-------- Supplied data
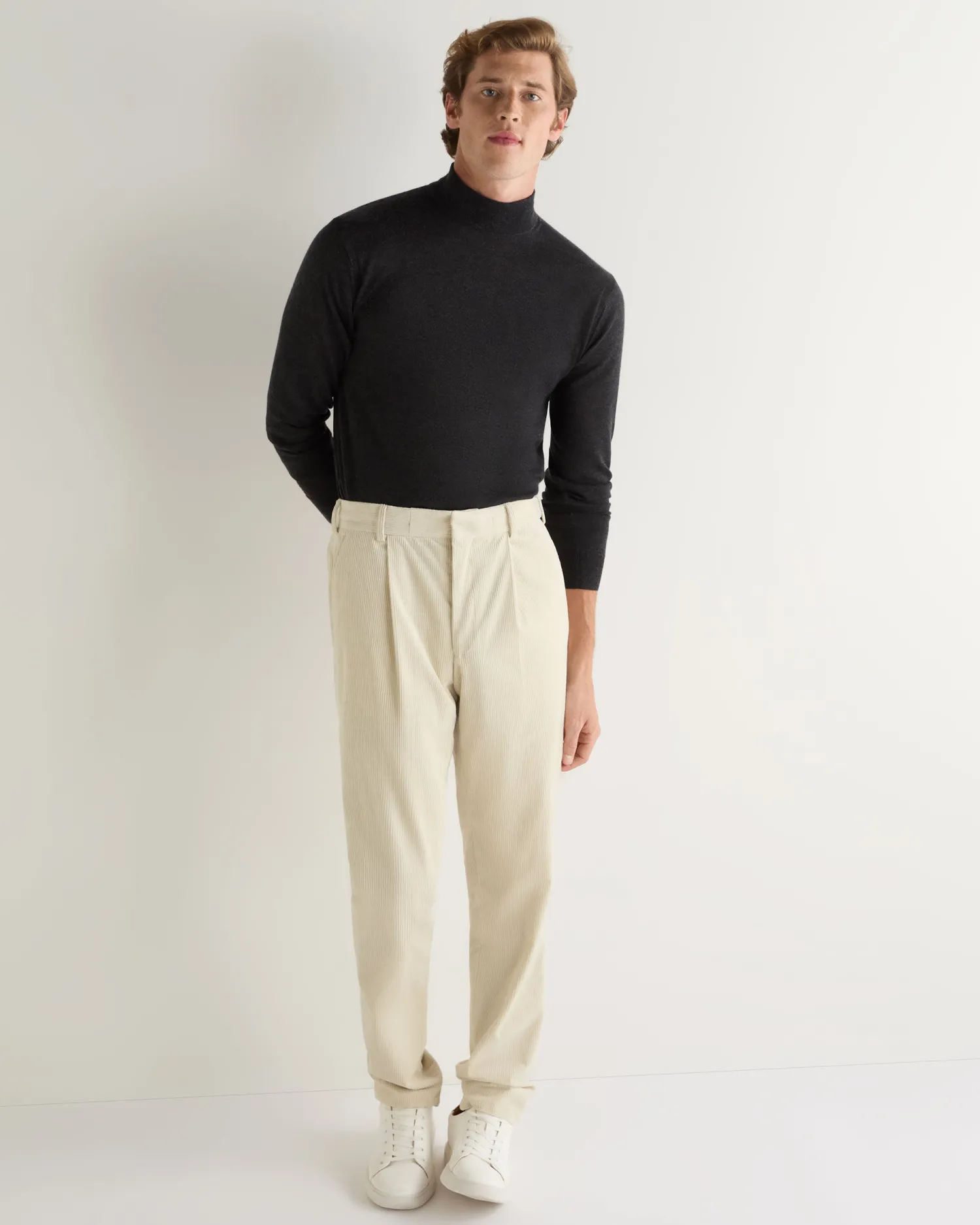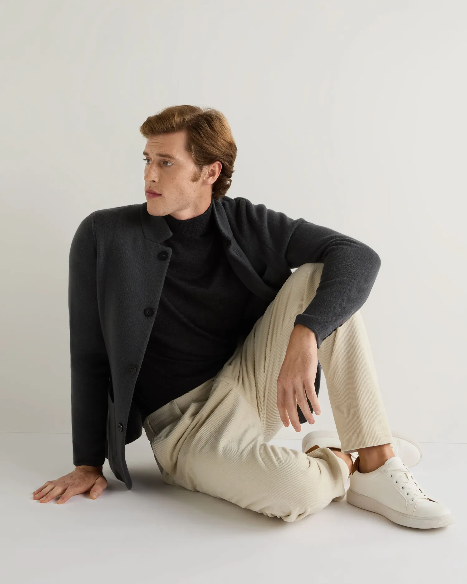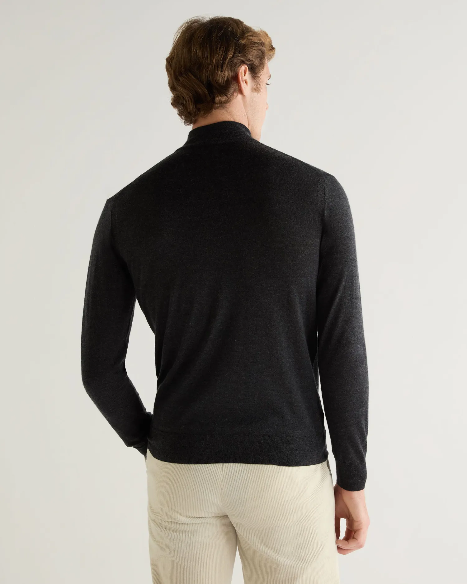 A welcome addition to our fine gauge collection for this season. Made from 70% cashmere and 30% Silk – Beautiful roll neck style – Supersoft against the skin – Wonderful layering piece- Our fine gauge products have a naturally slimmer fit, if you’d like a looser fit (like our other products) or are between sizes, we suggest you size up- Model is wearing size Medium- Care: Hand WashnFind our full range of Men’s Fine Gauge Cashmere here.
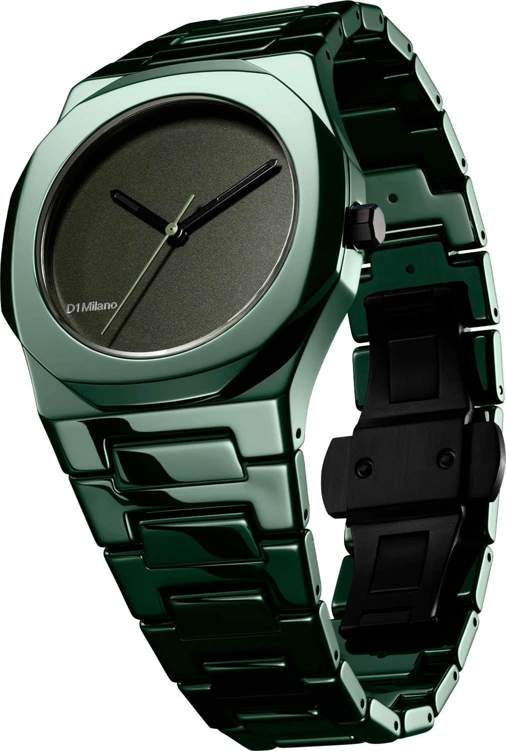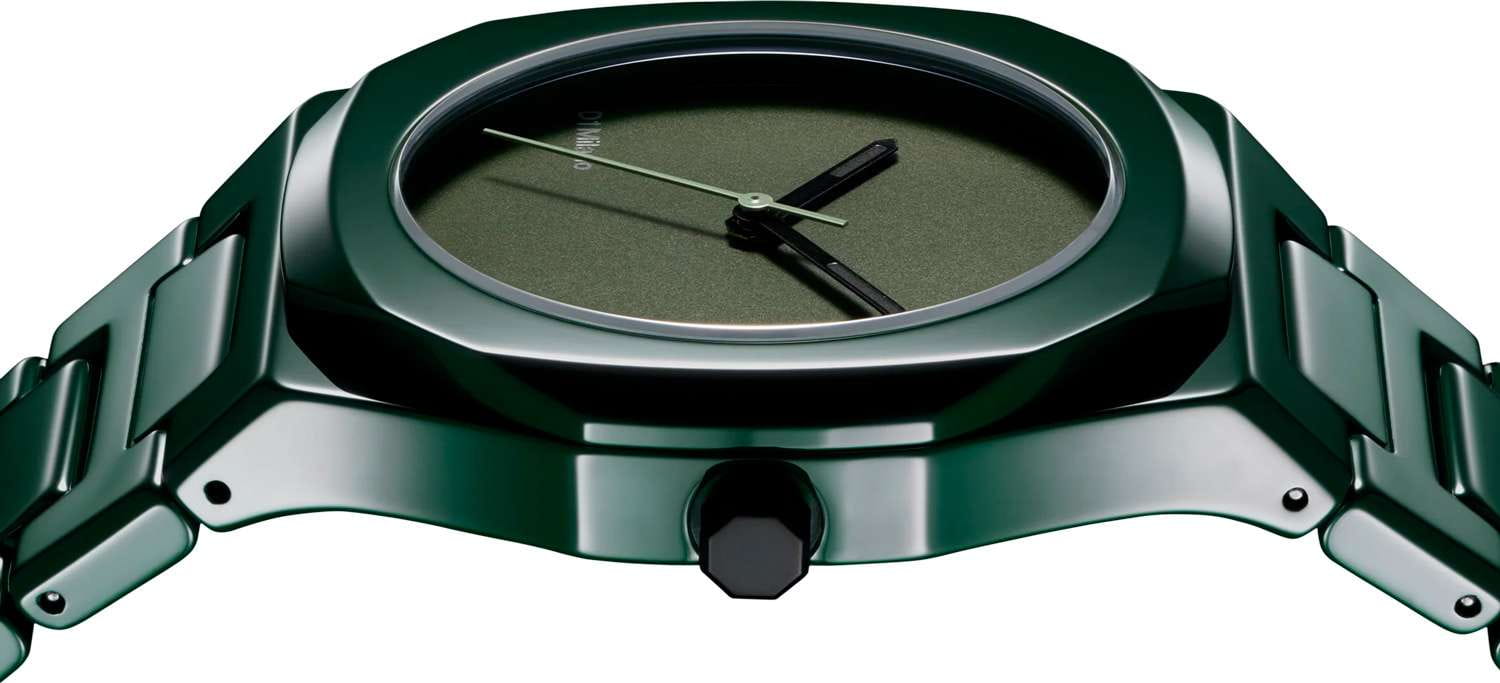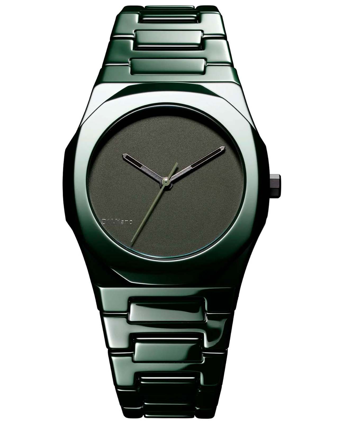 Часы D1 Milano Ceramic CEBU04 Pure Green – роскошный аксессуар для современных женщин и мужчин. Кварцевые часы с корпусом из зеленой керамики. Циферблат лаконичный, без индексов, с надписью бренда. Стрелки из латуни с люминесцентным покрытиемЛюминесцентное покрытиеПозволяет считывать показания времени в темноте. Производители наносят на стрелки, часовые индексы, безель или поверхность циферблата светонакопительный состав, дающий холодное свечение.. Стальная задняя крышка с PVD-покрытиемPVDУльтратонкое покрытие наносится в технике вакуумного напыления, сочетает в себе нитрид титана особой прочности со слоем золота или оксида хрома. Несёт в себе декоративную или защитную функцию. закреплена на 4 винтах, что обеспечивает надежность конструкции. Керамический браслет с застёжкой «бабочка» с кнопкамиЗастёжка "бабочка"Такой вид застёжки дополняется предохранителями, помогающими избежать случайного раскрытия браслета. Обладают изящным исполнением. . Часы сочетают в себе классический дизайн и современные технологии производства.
----------------
-------- Supplied data
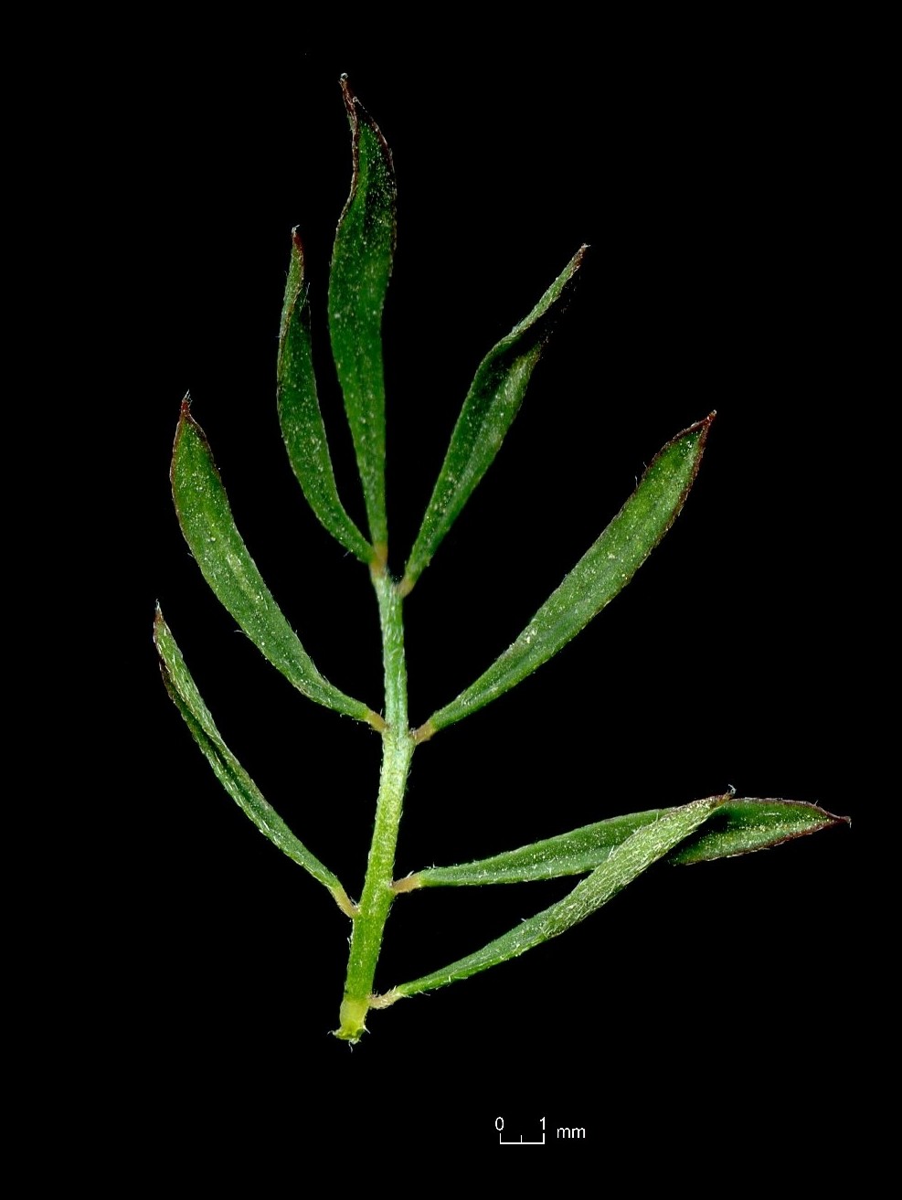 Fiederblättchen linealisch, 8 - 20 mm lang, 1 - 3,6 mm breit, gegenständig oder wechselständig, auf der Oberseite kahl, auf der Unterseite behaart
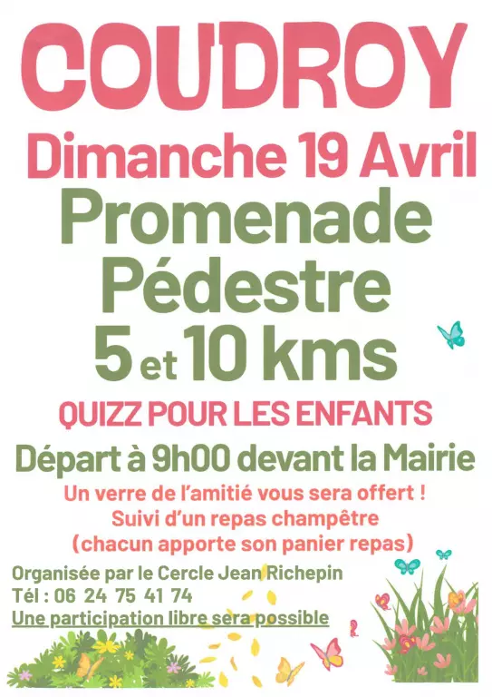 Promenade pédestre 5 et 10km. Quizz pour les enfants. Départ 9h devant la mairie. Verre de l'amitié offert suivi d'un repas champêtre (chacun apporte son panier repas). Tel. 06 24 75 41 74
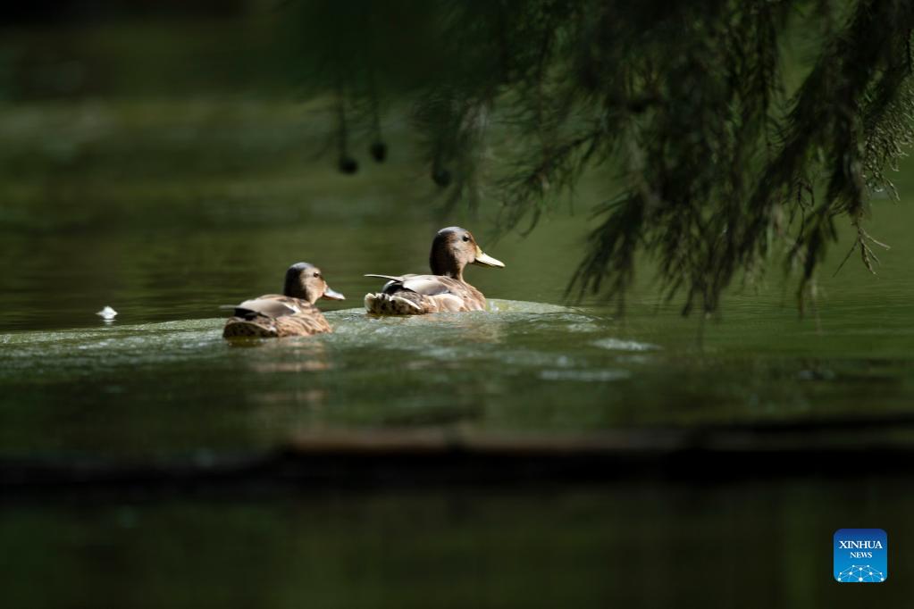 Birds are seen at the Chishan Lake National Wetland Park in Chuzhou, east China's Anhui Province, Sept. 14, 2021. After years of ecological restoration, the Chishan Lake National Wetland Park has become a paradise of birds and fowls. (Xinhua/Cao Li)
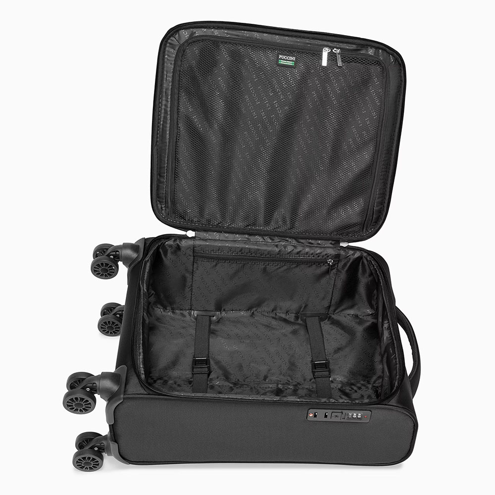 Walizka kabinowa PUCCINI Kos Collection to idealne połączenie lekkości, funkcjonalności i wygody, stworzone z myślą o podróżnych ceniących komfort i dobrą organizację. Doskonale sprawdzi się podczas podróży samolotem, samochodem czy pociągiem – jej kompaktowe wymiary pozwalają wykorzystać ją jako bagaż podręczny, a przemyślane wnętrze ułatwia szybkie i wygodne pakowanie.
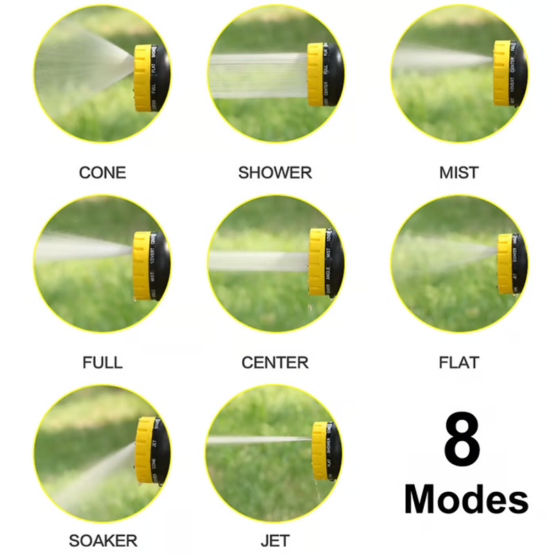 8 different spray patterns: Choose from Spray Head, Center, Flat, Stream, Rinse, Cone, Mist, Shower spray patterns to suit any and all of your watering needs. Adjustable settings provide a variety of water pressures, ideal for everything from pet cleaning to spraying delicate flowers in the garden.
----------------
-------- Supplied data
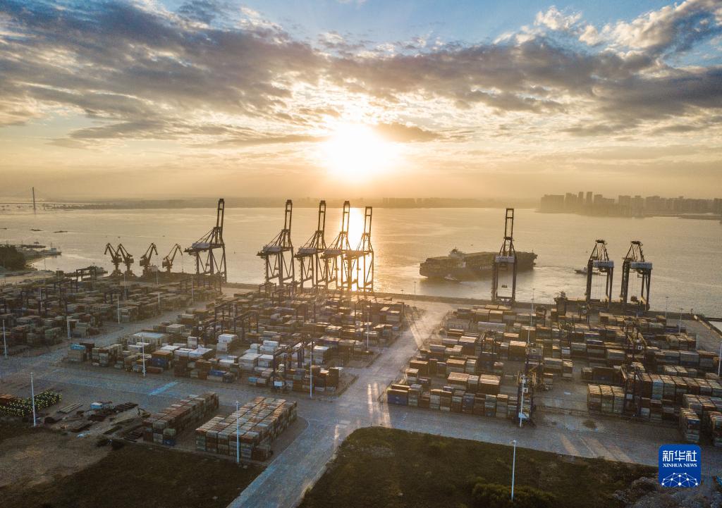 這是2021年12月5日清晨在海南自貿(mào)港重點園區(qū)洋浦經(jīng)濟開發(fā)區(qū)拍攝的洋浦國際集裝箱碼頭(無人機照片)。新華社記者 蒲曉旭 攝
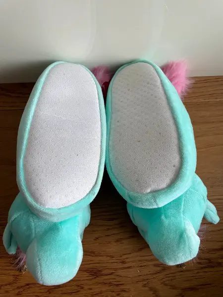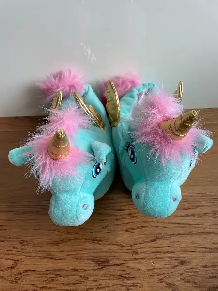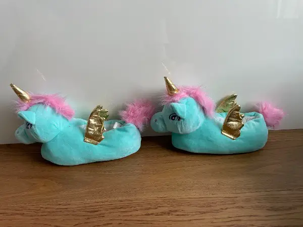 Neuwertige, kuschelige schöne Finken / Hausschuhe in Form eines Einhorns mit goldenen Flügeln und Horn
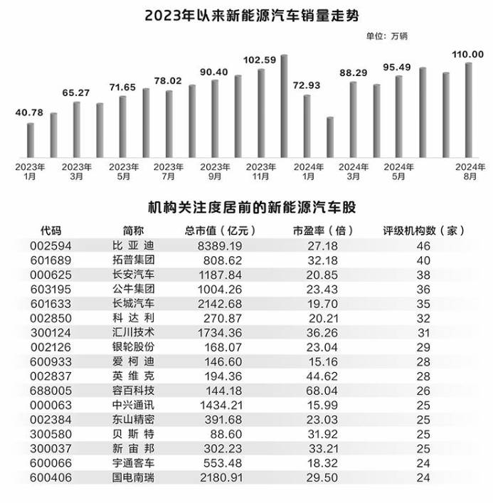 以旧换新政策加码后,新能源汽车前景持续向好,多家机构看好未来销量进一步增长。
----------------
» **Your instructions**
In the entries above, find the line containing "Birds are seen" and the line containing "8 different spray"; give again exactly those two lines and every line between them, minus the pictures.

» **Solution**
 Birds are seen at the Chishan Lake National Wetland Park in Chuzhou, east China's Anhui Province, Sept. 14, 2021. After years of ecological restoration, the Chishan Lake National Wetland Park has become a paradise of birds and fowls. (Xinhua/Cao Li)
 Walizka kabinowa PUCCINI Kos Collection to idealne połączenie lekkości, funkcjonalności i wygody, stworzone z myślą o podróżnych ceniących komfort i dobrą organizację. Doskonale sprawdzi się podczas podróży samolotem, samochodem czy pociągiem – jej kompaktowe wymiary pozwalają wykorzystać ją jako bagaż podręczny, a przemyślane wnętrze ułatwia szybkie i wygodne pakowanie.
 8 different spray patterns: Choose from Spray Head, Center, Flat, Stream, Rinse, Cone, Mist, Shower spray patterns to suit any and all of your watering needs. Adjustable settings provide a variety of water pressures, ideal for everything from pet cleaning to spraying delicate flowers in the garden.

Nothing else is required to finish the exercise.